An exact transcription of all the data is required, with every image removed.

=== MATERIAL PROVIDED ===

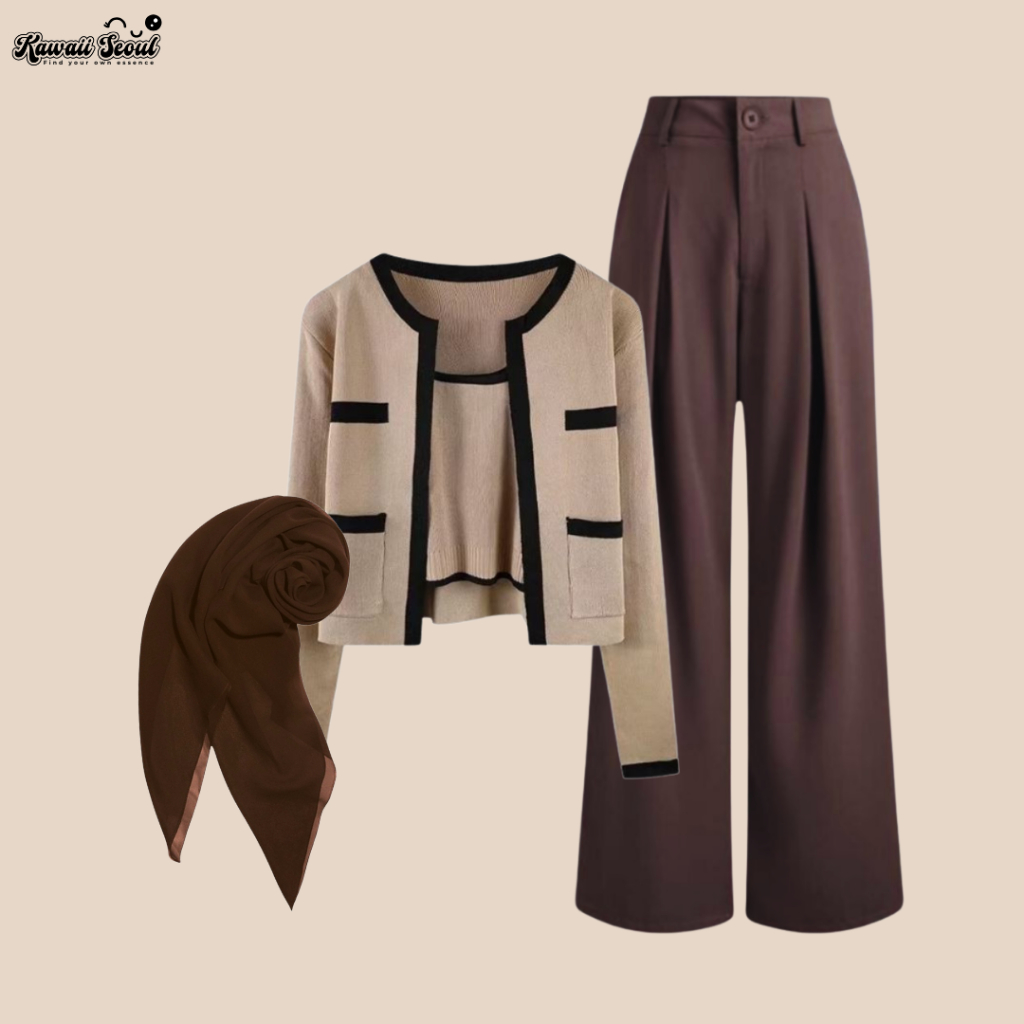 One Set 3in1 Inner Cardigan Korean Style Celana Kulot Knit Hijab Segi Empat Setelan Wanita 218
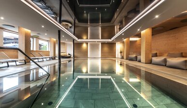 Dopo una giornata attiva, l’area benessere con piscina coperta, sauna e cabina a infrarossi offre puro relax.
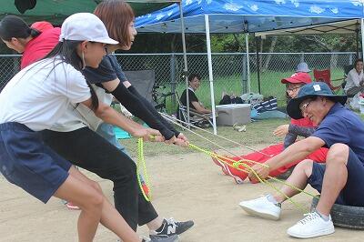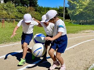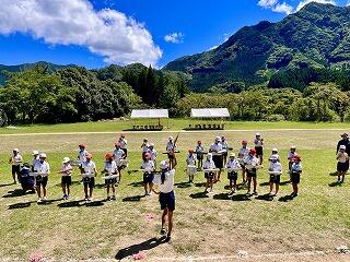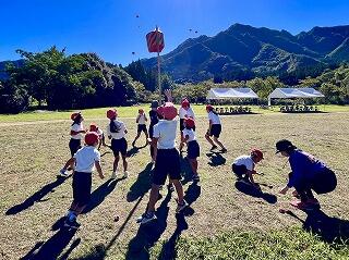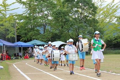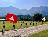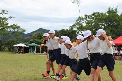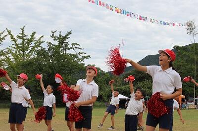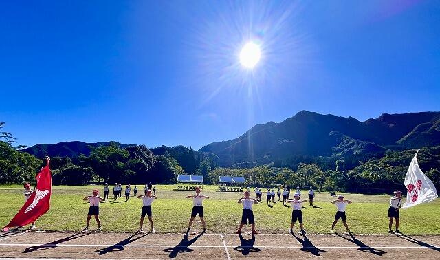 9月13日、祇園山に見守られながら、運動会予行練習を行いました。
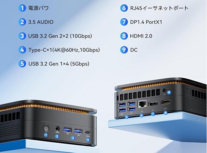 NiPoGI P1、Ryzen 3 3300Uを搭載するミニPCのスペック、フル機能 USB-Cを装備、M.2 SSDを増設可能
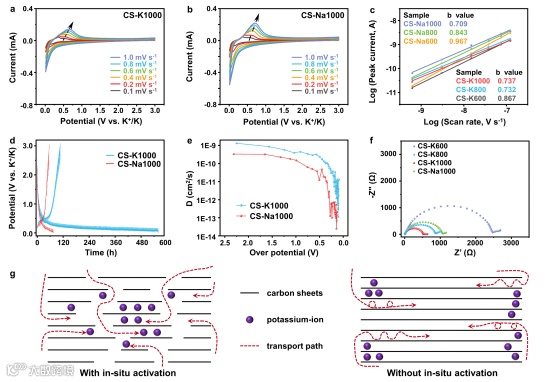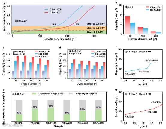 图3. 类石墨微晶炭的电化学储钾性能

===

TASK OUTPUT
 One Set 3in1 Inner Cardigan Korean Style Celana Kulot Knit Hijab Segi Empat Setelan Wanita 218
 Dopo una giornata attiva, l’area benessere con piscina coperta, sauna e cabina a infrarossi offre puro relax.
 9月13日、祇園山に見守られながら、運動会予行練習を行いました。
 NiPoGI P1、Ryzen 3 3300Uを搭載するミニPCのスペック、フル機能 USB-Cを装備、M.2 SSDを増設可能
 图3. 类石墨微晶炭的电化学储钾性能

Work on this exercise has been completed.